Au vu des risques encourus sur la zone à désencombrer, il n’était pas question d’autoriser l’accès aux piétons. C’est pourquoi, Bianco a fait le choix de recourir à sept engins pilotés à distance : quatre pelles - deux Cat 349 de 50 t, une Cat 330F et une Hitachi ZX350 - ainsi que trois tombereaux sur chenilles Morooka, tous équipés de caméras.
« Nous avons travaillé sur la partie hydraulique des engins avec un prestataire qui a fourni les modules et les télécommandes puis, en moins d’un mois, quatre de nos collaborateurs ont réalisé l’ensemble de l’installation sur les machines dans notre atelier de Marthod », détaille Jérémie Bulloz, chef de secteur Réseaux & Terrassement de Bianco qui a donc privilégié cette approche aux solutions existantes sur le marché dont le temps de déploiement ne répondait pas aux délais de ce chantier.
Des engins bardés de caméras
Chaque pelle a été dotée de cinq caméras installées sur les chenilles ainsi qu’au niveau du poste de conduite pour avoir une vue sur le bras et surveiller le tableau de bord dans le même temps.

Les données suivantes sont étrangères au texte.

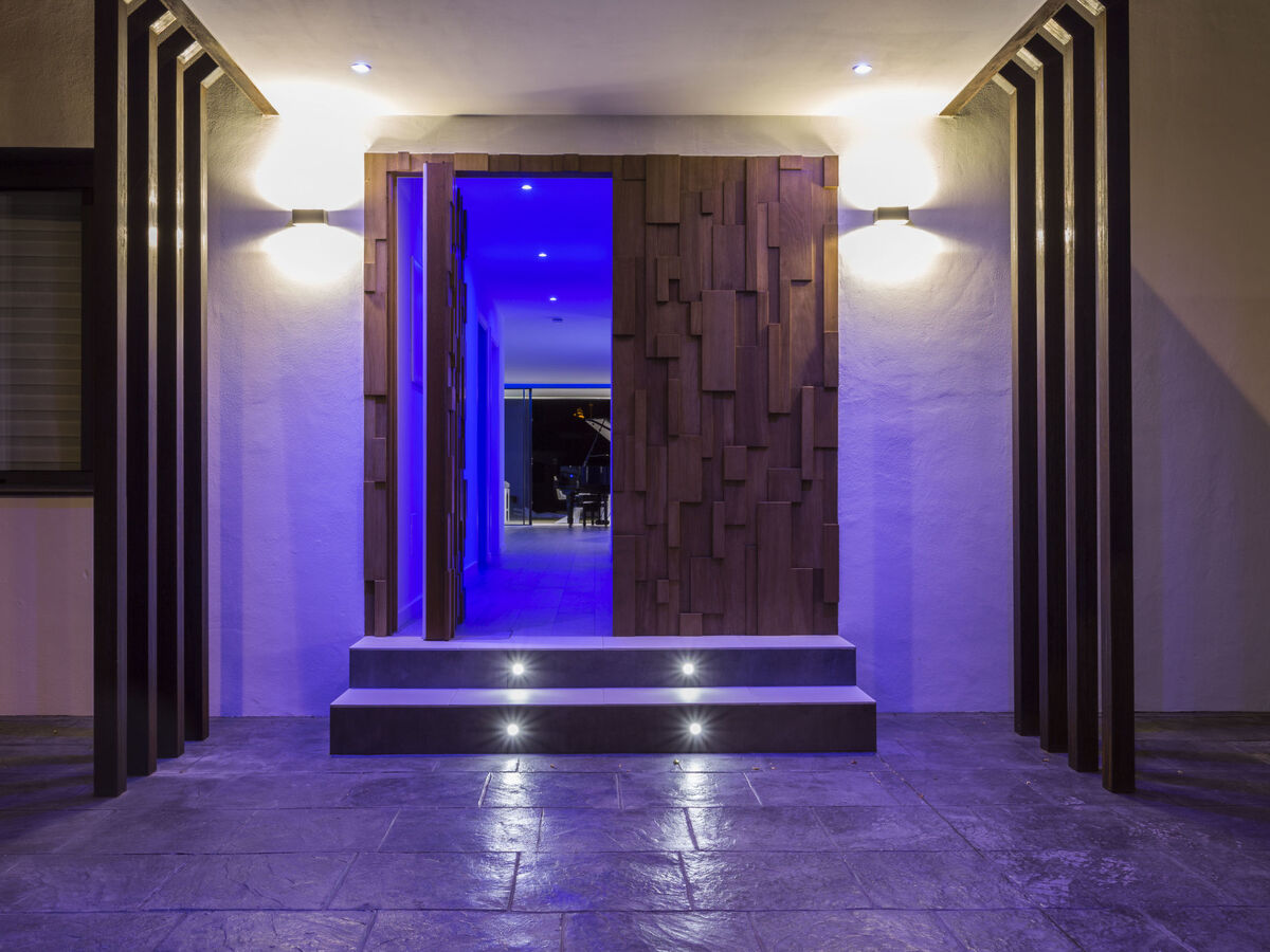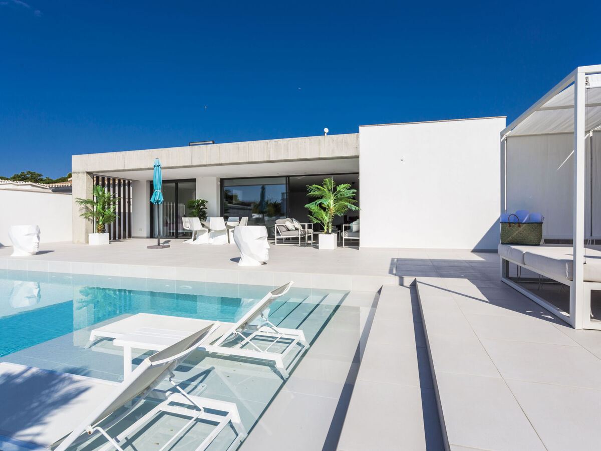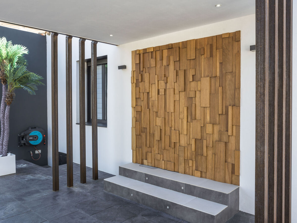 Sortie sur la terrasse, sur la piscine, orientée sud.
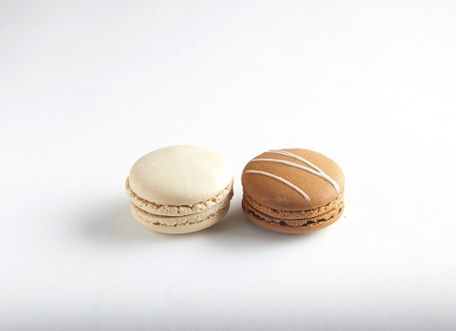 45º Shot of of two assorted Brown Irish Cream, and White Caramel fleur de sel macarons on white background
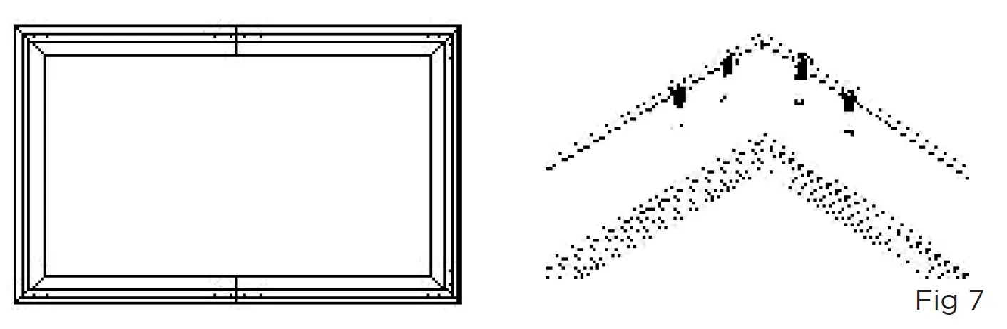 - Once all frame parts are inserted into each other, each corner is fixed with 4x screws (J) (Fig. 7). When tightening, make sure that the corners are exact-ly at 90° to each other, Only then should you tighten the screws.

En complément, dans la base vie du chantier des postes de conduites avec écrans ont été aménagés. « Une distance de 200 m séparait le sommet de l’éboulement et la zone arrière du chantier où nous étions positionnés. Il nous était donc impossible de télécommander les machines avec une visibilité directe, ce qui explique la nécessité de déployer ce type de dispositifs » explique Jérémie Bulloz. La portée de la radiocommande s’élevant, elle, à 150 m.

Sur les dumpers Morooka, une caméra à l’intérieur du poste de conduite a permis aux opérateurs de les mouvoir en marche avant tandis qu’en sens inverse, ils se sont appuyés sur les retransmissions en temps réel émises, dans la base vie, par les autres caméras des pelles.
Point important pour accroître la visibilité sur la zone d’intervention, un drone a survolé en permanence le chantier. Imaginé initialement comme une aide visuelle pour observer sous le godet ou identifier une éventuelle fuite sur un flexible, l’engin aérien s’est révélé très vite indispensable et ses captations ont donc été retransmises sur tous les postes de conduite de la base vie.
Des opérateurs expérimentés
Les opérateurs sélectionnés en interne pour piloter les engins ont été sollicités sur la base du volontariat par Bianco. « Sur ce chantier complexe, il y avait un risque de retournement des engins assez élevé du fait de la présence de blocs de gypse et de grès dans les éboulis. C’est pourquoi, il était important pour nous de privilégier des professionnels expérimentés habitués à travailler avec des engins de terrassement dans ce type d’environnement montagneux », précise Stéphane Bastien qui reconnait cependant que l’éventualité de choisir des opérateurs moins expérimentés mais avec une plus grande dextérité avec les commandes joysticks s’est posée.
Pour les besoins du chantier, l’excavatrice de 30 t était équipée d’un BRH tandis qu’une autre était doté de cisaille, un accessoire indispensable pour venir à bout des 14 000 m² de filets anti-sous-marins qui s’entremêlaient aux 25 000 m3 de matériaux et blocs de gypse et de grès. « La difficulté avec les filets anti-sous-marins a été d’éviter qu’ils ne se tordent et se coincent dans les mâchoires de la cisaille car aucun collaborateur n’était autorisé à aller sur la zone de chantier », explique le chef de secteur.
Deux équipes de 7 opérateurs se sont relayées pour manipuler les machines qui ont tourné 7 j/7, de 7h à 17h pendant environ un mois et demi, de décembre à fin janvier. Une pelle Cat 320 Next Gen, deux tombereaux articulés Cat 730 et une chargeuse sur pneus Komatsu pilotés conventionnellement ont servi hors de la zone d’éboulement à charger et évacuer les déblais.